That split matters. BevWire’s 2026 Wine Industry Market Intelligence Report puts U.S. scanned wine sales down 1.8% by volume and 1.9% by value in March 2026. Industry analysts at Grand View Research size the U.S. organic wine segment at about $1.01 billion in 2024 and project 10.2% annual growth through 2030 (Grand View Research, 2025). Sandalo has been in this lane since 2009.

Who Sandalo is

Sandalo Organic Estates is the U.S. arm of Grupo Sándalo, a family-owned wine group with vineyards and wineries in Spain. While Sandalo Organic Estates is the trade name known to the market, the company’s official corporate name is Reserva Wines LLC. The company co-founded its U.S. operations with the Fernández family and Paul Clear, a wine industry veteran (Sandalo Organic Estates, n.d.).

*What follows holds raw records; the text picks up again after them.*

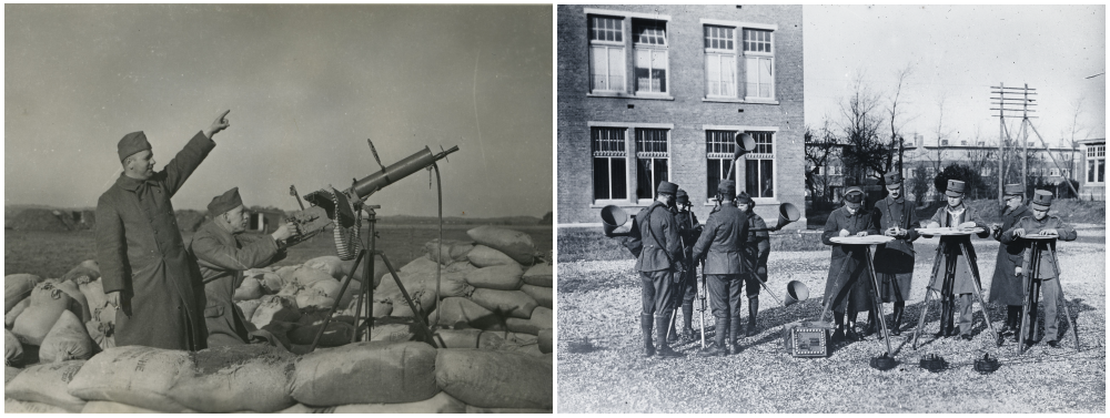 Mitrailleurs vormden in het begin een belangrijk onderdeel van de Nederlandse luchtafweer. Om vliegtuigen vroeger te signaleren werden grote ‘gehoorapparaten’ uitgeprobeerd om het luchtdoelgeschut effectiever te maken.
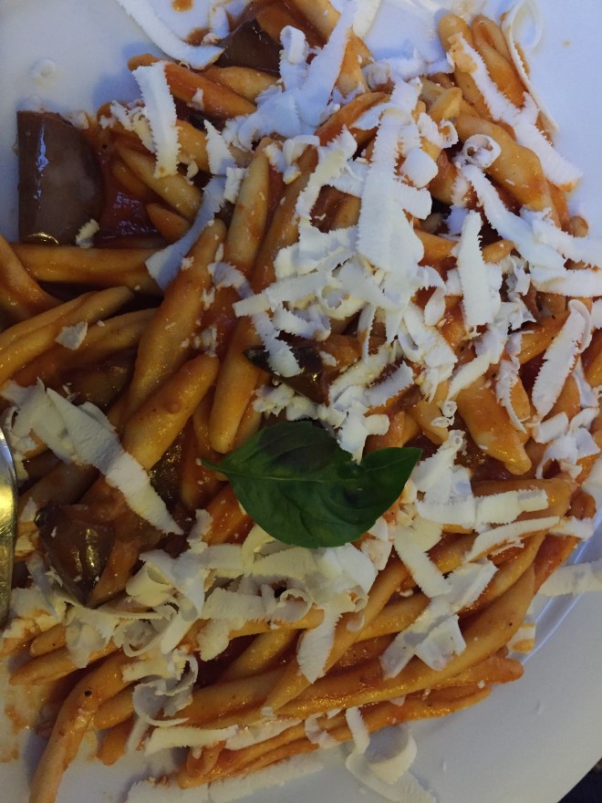 Try Pasta alla Norma: a yummy eggplant tomato and ricotta pasta invented in Eastern Sicily or Pasta alla Trapanese: pasta with a tomato and almond pesto
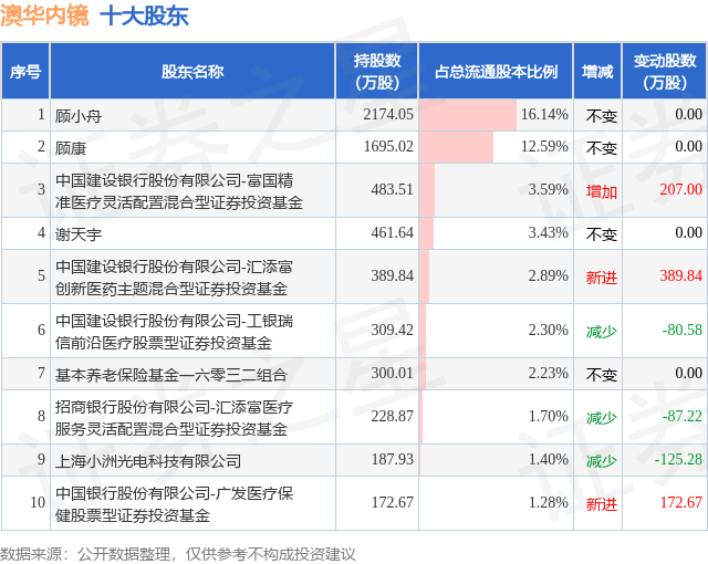 根据澳华内镜2025年中报公布的十大股东详情如下:

From its office in Tampa, Florida, Sandalo runs import logistics and stores wine at International Cellars in Winchester, Virginia (Sandalo Organic Estates, n.d.). The company distributes in more than 40 U.S. states and focuses on wine professionals—distributors, sommeliers, and independent buyers—rather than mass-market grocery (Sandalo Organic Estates, n.d.). Today, Sandalo is exclusively focused on Spanish imports, having moved away from previous portfolios in Greece and South Africa to double down on its core expertise.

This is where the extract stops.